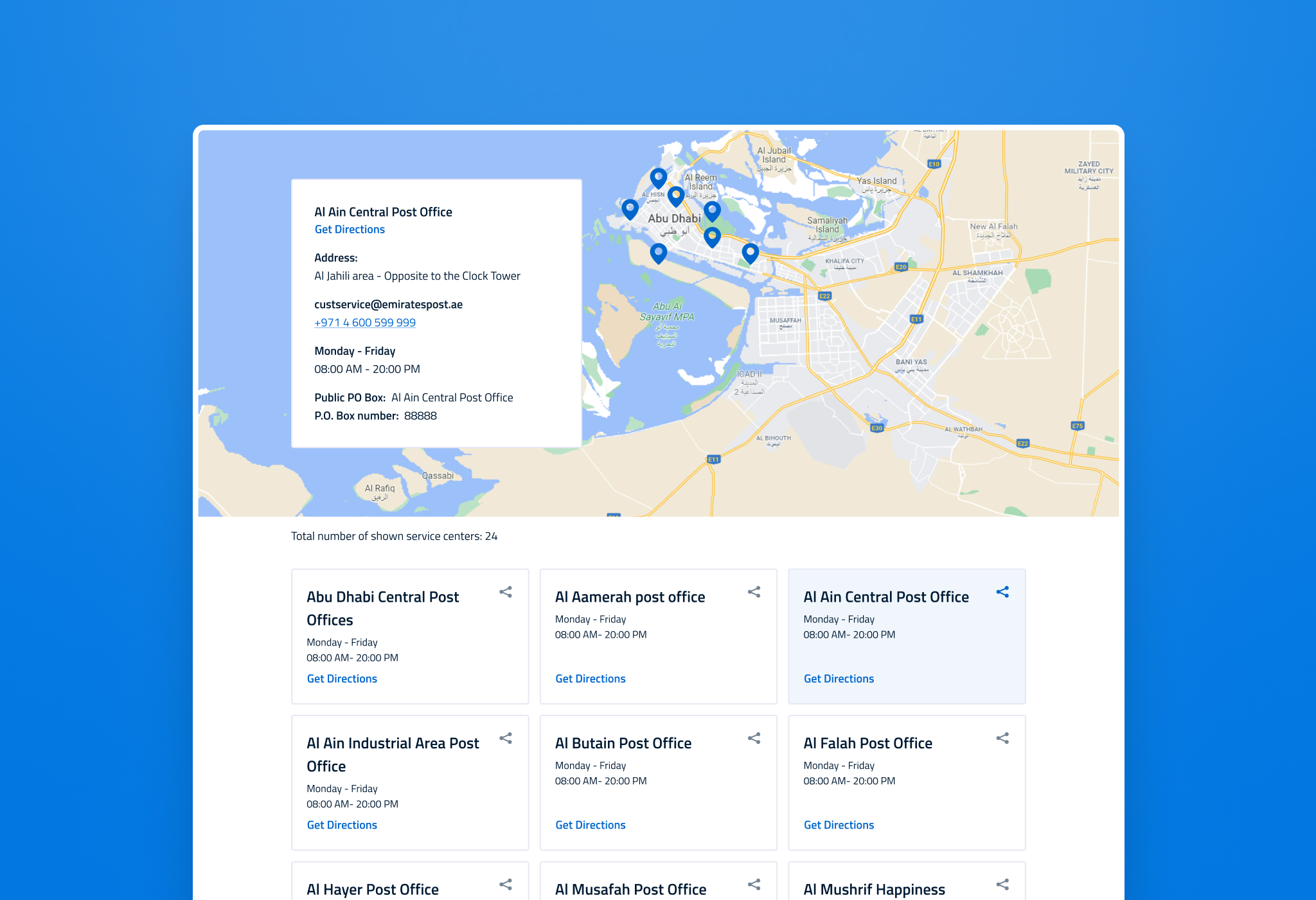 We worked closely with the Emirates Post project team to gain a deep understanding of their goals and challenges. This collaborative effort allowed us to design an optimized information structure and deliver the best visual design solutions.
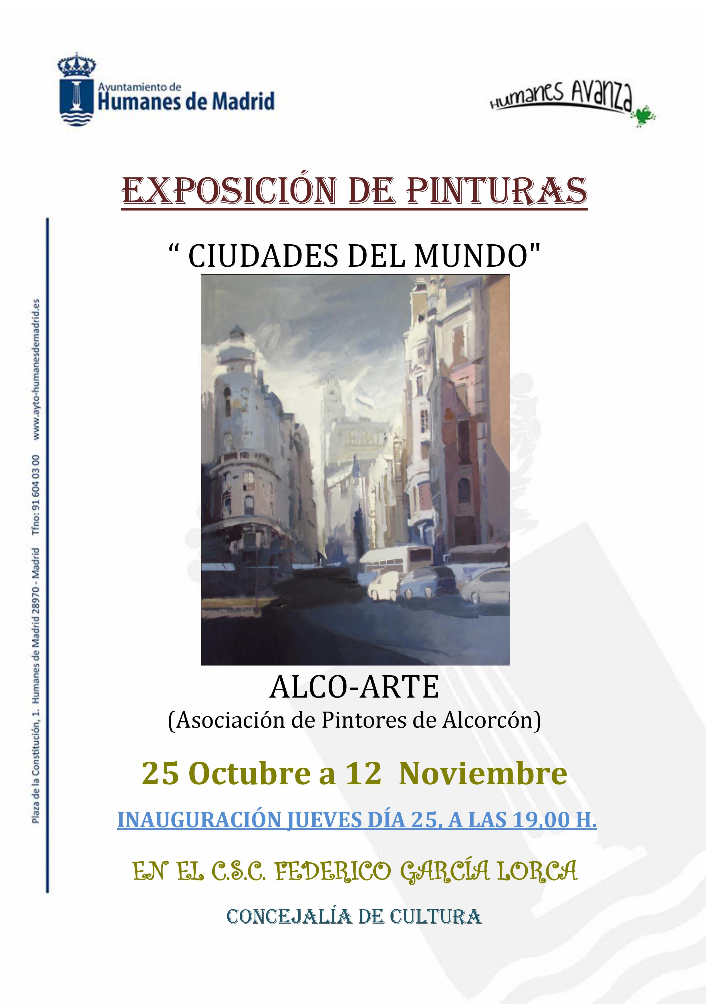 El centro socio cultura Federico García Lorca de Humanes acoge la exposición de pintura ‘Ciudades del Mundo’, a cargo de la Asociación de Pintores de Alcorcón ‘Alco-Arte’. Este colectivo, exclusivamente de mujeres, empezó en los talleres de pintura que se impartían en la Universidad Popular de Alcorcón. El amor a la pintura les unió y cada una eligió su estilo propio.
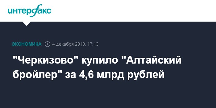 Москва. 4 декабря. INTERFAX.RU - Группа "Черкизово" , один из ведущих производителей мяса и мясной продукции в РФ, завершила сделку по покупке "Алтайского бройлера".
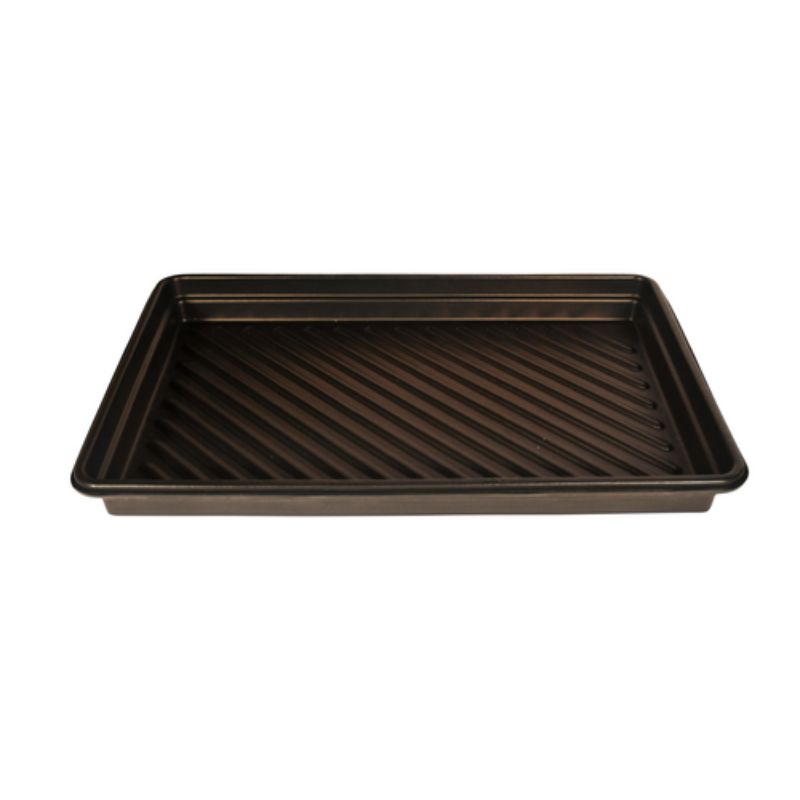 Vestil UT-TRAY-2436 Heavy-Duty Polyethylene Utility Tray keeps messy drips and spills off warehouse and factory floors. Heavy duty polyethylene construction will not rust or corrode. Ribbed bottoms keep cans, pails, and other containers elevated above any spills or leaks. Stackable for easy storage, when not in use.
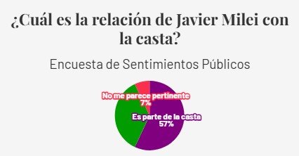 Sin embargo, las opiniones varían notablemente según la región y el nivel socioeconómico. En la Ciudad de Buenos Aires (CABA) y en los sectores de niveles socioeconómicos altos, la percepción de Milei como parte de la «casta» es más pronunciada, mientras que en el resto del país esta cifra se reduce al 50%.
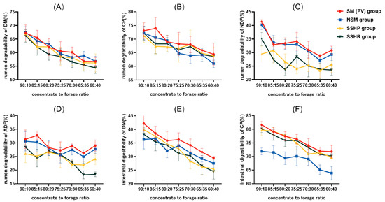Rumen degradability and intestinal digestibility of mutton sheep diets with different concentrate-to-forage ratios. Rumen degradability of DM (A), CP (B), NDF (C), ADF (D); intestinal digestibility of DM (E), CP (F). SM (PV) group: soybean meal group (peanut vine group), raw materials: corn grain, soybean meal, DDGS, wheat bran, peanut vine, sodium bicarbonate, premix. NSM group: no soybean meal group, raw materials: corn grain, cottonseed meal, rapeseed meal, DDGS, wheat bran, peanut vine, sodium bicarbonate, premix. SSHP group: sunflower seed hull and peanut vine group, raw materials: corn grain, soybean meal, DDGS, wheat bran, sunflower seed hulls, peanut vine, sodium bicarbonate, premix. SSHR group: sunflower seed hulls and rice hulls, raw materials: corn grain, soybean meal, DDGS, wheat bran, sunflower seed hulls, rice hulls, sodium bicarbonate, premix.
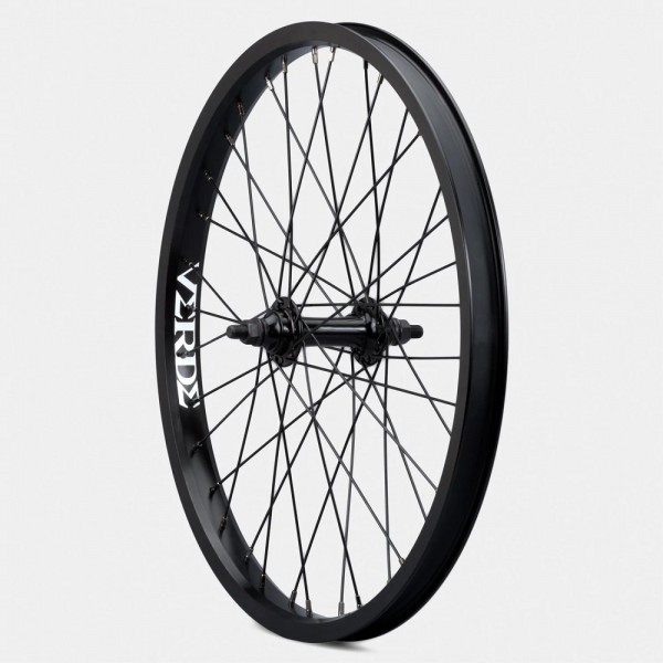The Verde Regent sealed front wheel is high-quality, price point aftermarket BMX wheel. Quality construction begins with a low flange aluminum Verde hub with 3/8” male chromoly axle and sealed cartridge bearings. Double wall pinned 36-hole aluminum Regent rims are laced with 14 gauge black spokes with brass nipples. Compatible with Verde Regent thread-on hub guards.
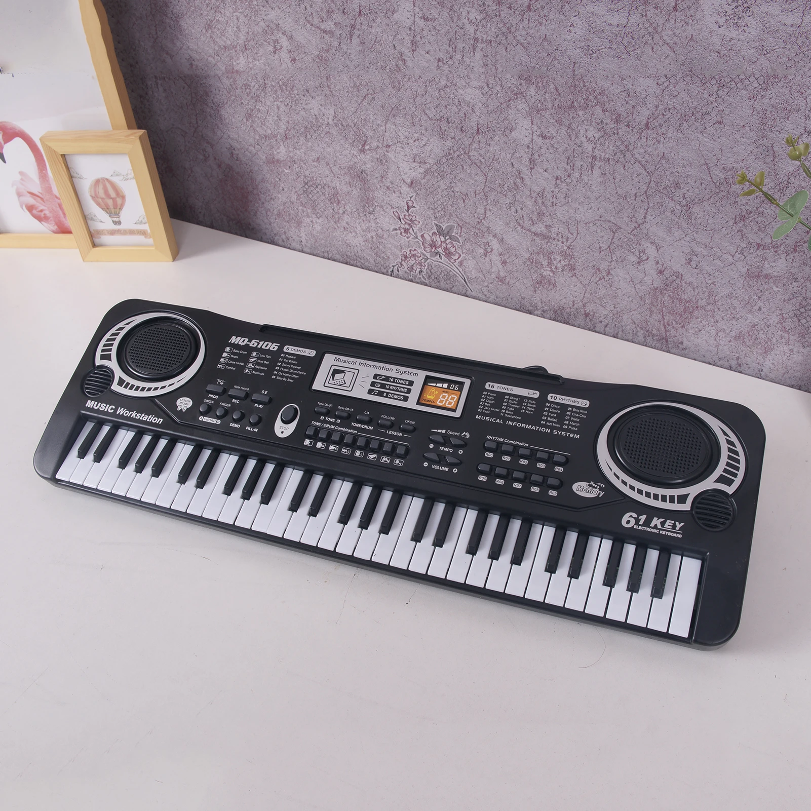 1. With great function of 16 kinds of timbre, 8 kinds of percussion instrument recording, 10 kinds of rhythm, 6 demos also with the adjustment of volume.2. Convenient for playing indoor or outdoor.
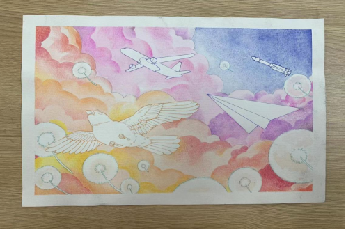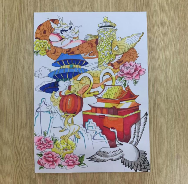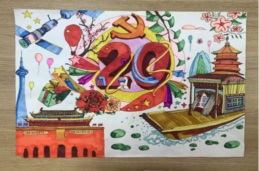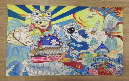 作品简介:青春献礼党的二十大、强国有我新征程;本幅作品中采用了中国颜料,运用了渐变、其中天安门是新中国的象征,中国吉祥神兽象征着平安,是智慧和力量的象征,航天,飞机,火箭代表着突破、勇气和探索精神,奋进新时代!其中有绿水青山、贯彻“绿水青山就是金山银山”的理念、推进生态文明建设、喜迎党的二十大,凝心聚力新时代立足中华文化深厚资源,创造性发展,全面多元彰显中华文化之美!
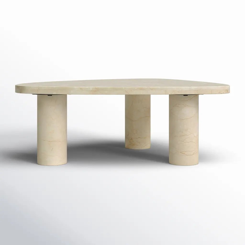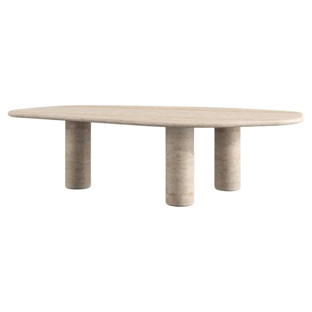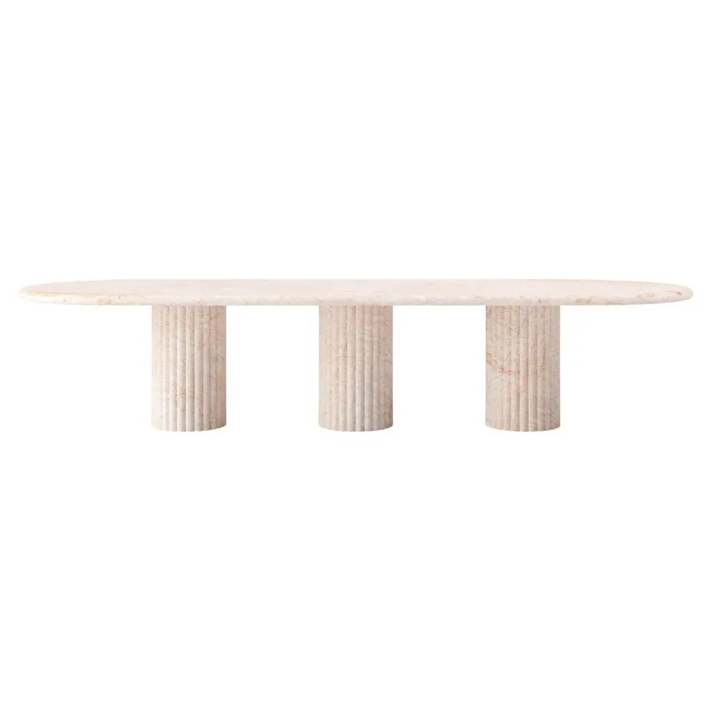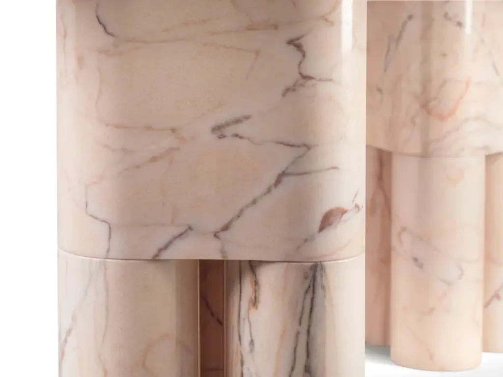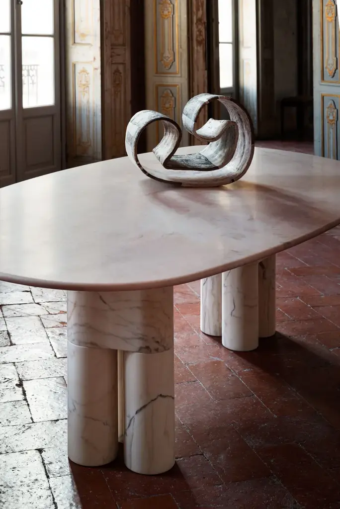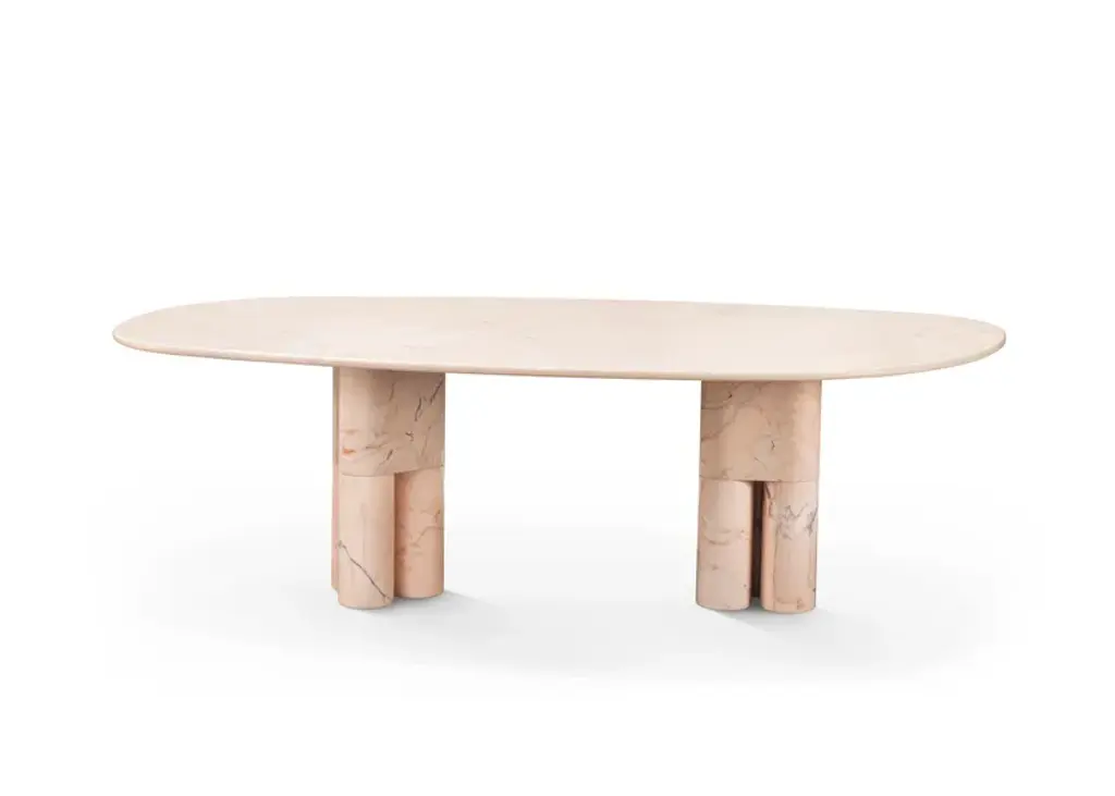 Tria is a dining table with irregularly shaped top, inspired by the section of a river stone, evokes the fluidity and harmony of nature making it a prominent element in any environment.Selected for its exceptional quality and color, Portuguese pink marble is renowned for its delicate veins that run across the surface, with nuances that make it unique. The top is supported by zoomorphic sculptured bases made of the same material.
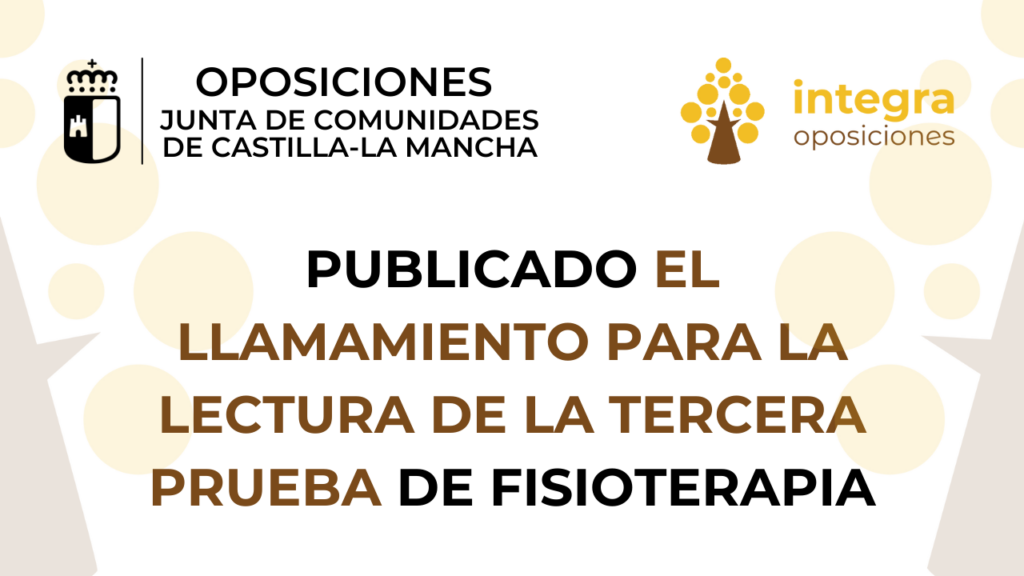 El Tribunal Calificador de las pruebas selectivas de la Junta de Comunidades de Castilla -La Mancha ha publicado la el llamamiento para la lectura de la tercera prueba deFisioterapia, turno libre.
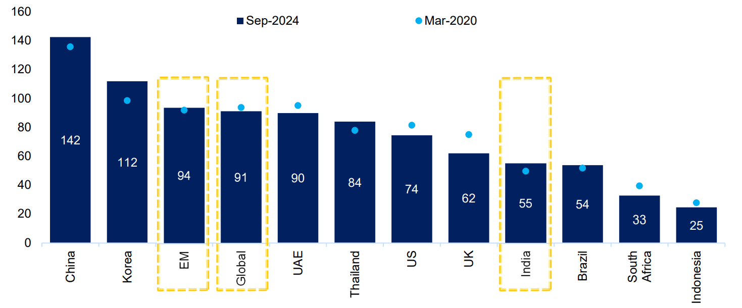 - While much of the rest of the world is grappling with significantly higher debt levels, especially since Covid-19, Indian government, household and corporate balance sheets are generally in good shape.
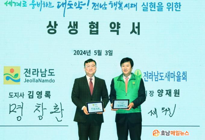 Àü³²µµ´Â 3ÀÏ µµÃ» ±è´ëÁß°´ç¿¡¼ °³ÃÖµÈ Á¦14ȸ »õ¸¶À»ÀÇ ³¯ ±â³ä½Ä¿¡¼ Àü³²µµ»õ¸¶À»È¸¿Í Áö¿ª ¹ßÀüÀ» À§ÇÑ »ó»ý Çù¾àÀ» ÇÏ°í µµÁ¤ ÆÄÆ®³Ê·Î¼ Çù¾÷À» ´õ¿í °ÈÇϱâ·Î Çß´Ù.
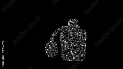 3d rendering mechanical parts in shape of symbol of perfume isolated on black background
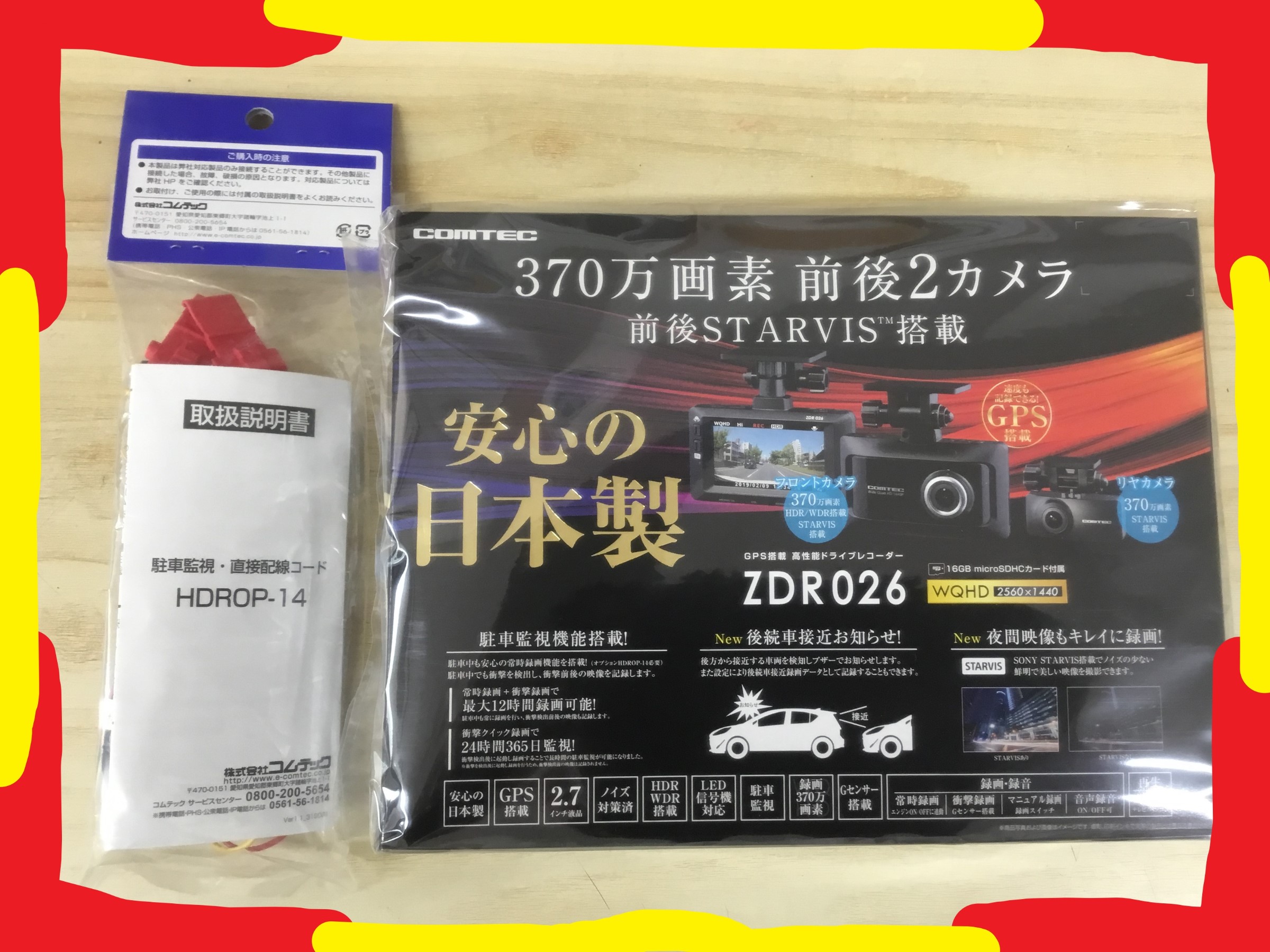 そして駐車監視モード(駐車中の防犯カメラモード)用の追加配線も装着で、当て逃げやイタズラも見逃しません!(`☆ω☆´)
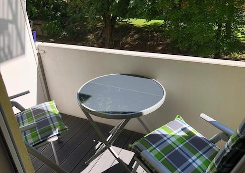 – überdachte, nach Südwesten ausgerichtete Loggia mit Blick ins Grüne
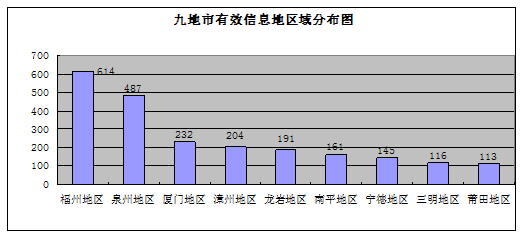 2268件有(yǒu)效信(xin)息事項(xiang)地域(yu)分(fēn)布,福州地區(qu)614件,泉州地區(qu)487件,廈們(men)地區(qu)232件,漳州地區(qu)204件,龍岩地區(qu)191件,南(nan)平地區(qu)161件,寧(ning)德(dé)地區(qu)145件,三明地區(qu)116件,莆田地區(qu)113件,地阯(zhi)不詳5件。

### [What the exercise asks]
Within the listing above, print exactly the stretch beginning at the line that contains "The Verde Regent" and finishing at the line that contains "1. With great", ends kept, pictures left out, and nothing more.

### [Response to the task]
The Verde Regent sealed front wheel is high-quality, price point aftermarket BMX wheel. Quality construction begins with a low flange aluminum Verde hub with 3/8” male chromoly axle and sealed cartridge bearings. Double wall pinned 36-hole aluminum Regent rims are laced with 14 gauge black spokes with brass nipples. Compatible with Verde Regent thread-on hub guards.
 1. With great function of 16 kinds of timbre, 8 kinds of percussion instrument recording, 10 kinds of rhythm, 6 demos also with the adjustment of volume.2. Convenient for playing indoor or outdoor.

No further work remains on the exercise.